■ **Directions**
Using the entries below, copy exactly each line from the line with "line 199。不理解这个输出结果,请问这是怎么回事,有什么解决方法吗?请求得到解答,谢谢。 |" up to and including the line with "The DJI RS 4 Pro standalone", with every picture left out.

■ **Working data**
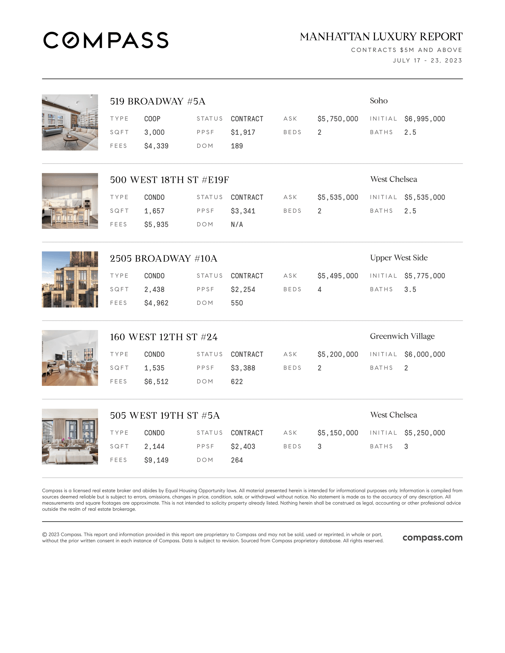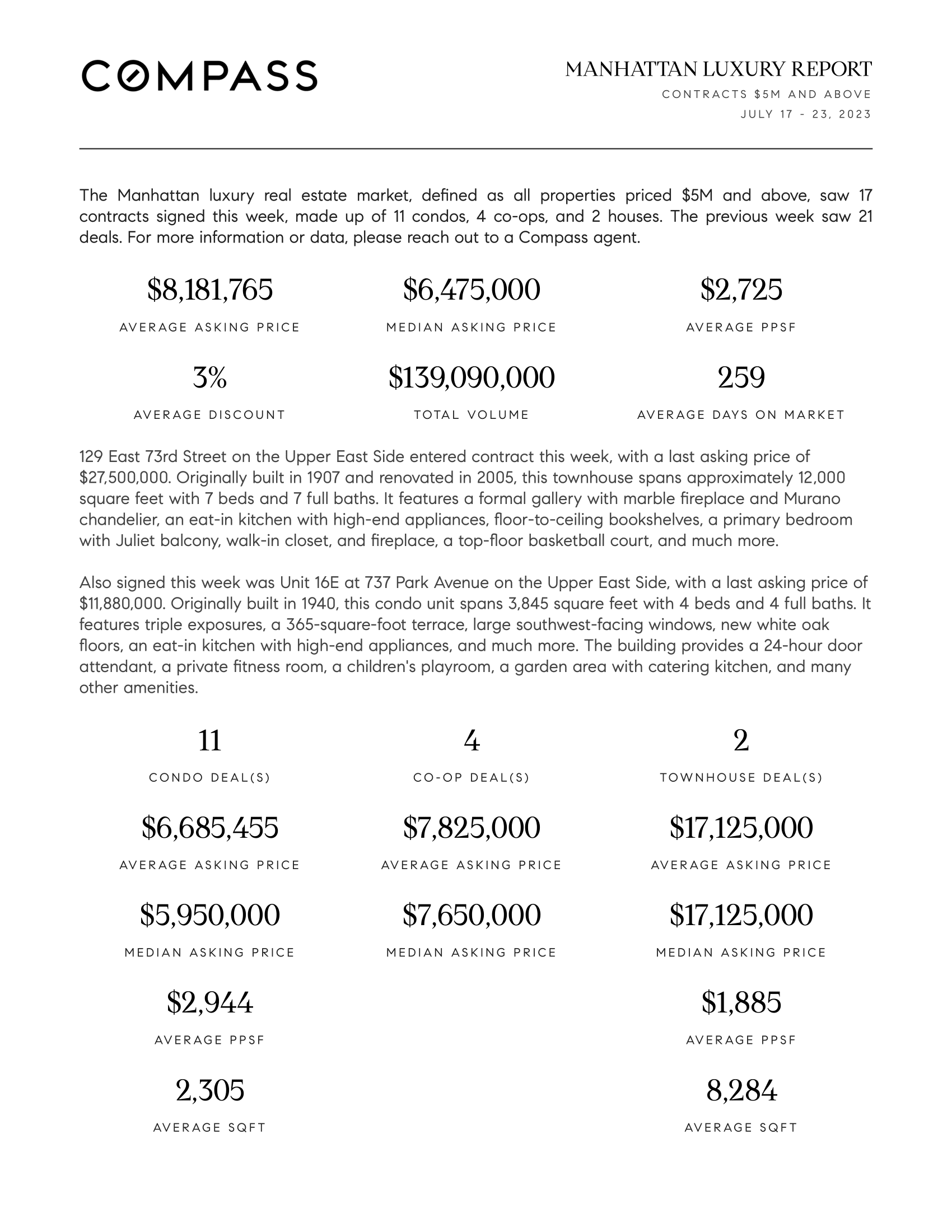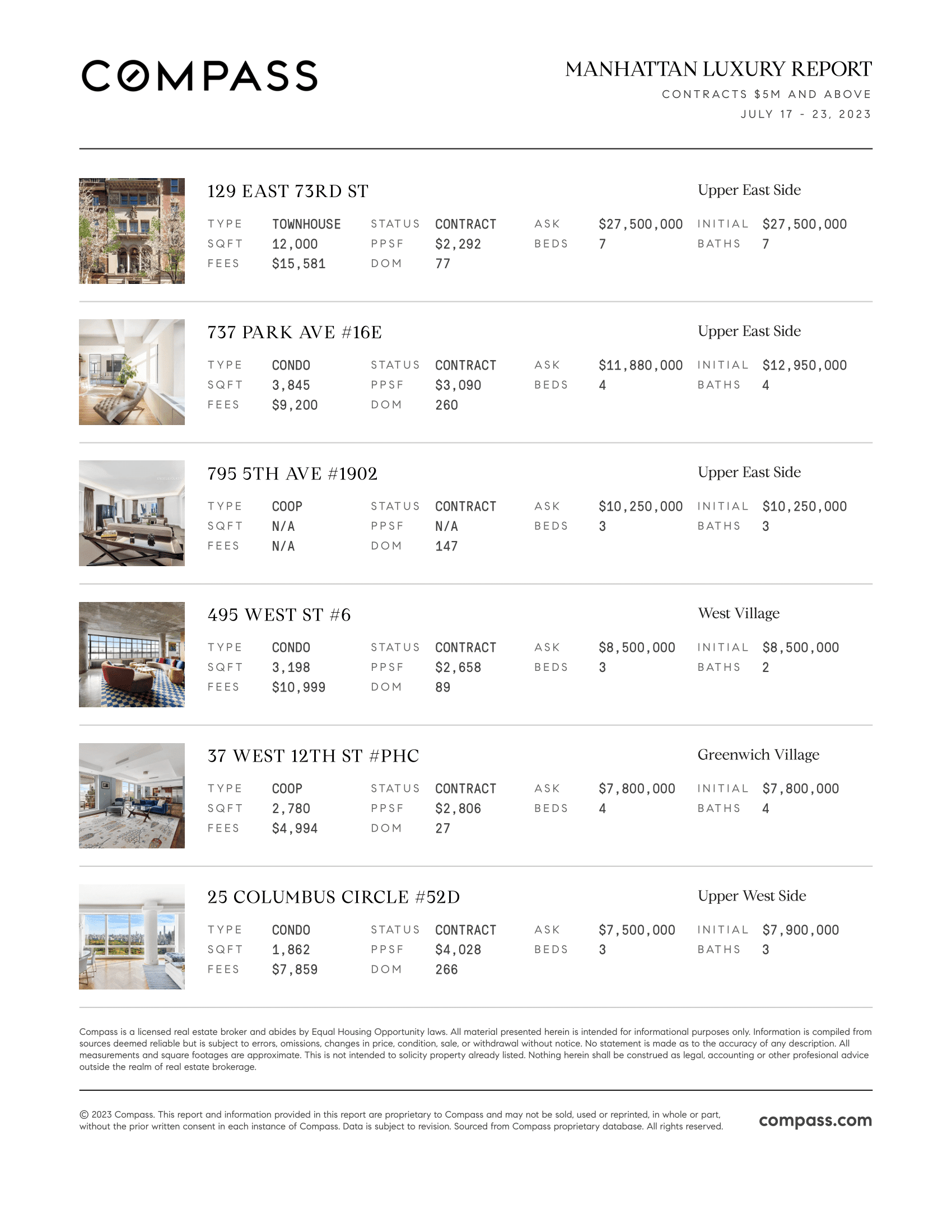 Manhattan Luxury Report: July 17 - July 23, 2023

==

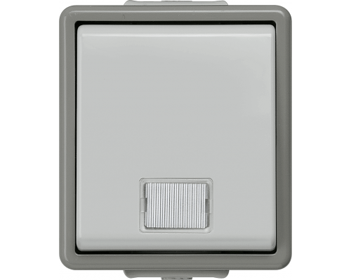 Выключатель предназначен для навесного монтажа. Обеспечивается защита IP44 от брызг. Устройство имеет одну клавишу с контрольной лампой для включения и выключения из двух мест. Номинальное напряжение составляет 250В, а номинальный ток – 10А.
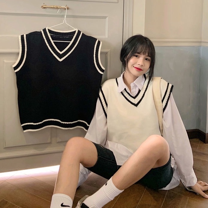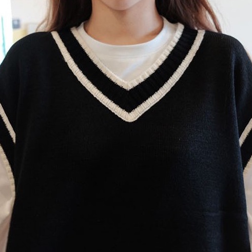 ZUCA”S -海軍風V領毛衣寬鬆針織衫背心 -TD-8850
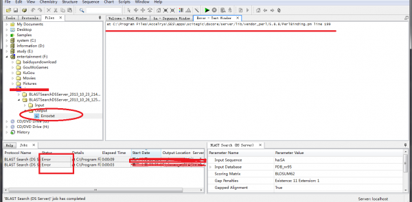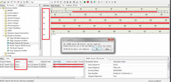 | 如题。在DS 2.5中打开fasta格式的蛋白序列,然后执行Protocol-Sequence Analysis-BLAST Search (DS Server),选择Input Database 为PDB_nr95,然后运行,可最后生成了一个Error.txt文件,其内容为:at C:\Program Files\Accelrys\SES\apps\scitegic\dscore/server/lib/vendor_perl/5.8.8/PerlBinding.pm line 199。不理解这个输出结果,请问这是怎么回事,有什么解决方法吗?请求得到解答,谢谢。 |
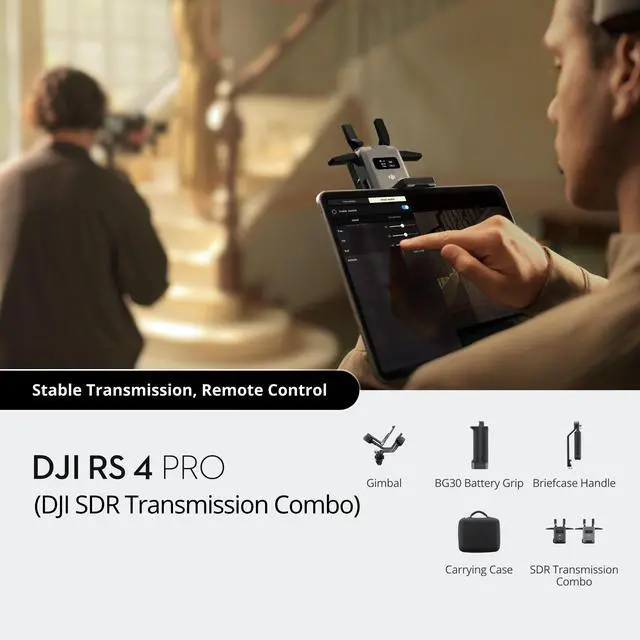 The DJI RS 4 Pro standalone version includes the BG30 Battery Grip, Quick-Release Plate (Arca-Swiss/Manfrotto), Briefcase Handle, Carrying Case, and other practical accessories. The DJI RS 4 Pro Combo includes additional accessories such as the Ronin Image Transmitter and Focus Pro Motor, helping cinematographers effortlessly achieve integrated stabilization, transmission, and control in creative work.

■ **Exercise response**
 | 如题。在DS 2.5中打开fasta格式的蛋白序列,然后执行Protocol-Sequence Analysis-BLAST Search (DS Server),选择Input Database 为PDB_nr95,然后运行,可最后生成了一个Error.txt文件,其内容为:at C:\Program Files\Accelrys\SES\apps\scitegic\dscore/server/lib/vendor_perl/5.8.8/PerlBinding.pm line 199。不理解这个输出结果,请问这是怎么回事,有什么解决方法吗?请求得到解答,谢谢。 |
 The DJI RS 4 Pro standalone version includes the BG30 Battery Grip, Quick-Release Plate (Arca-Swiss/Manfrotto), Briefcase Handle, Carrying Case, and other practical accessories. The DJI RS 4 Pro Combo includes additional accessories such as the Ronin Image Transmitter and Focus Pro Motor, helping cinematographers effortlessly achieve integrated stabilization, transmission, and control in creative work.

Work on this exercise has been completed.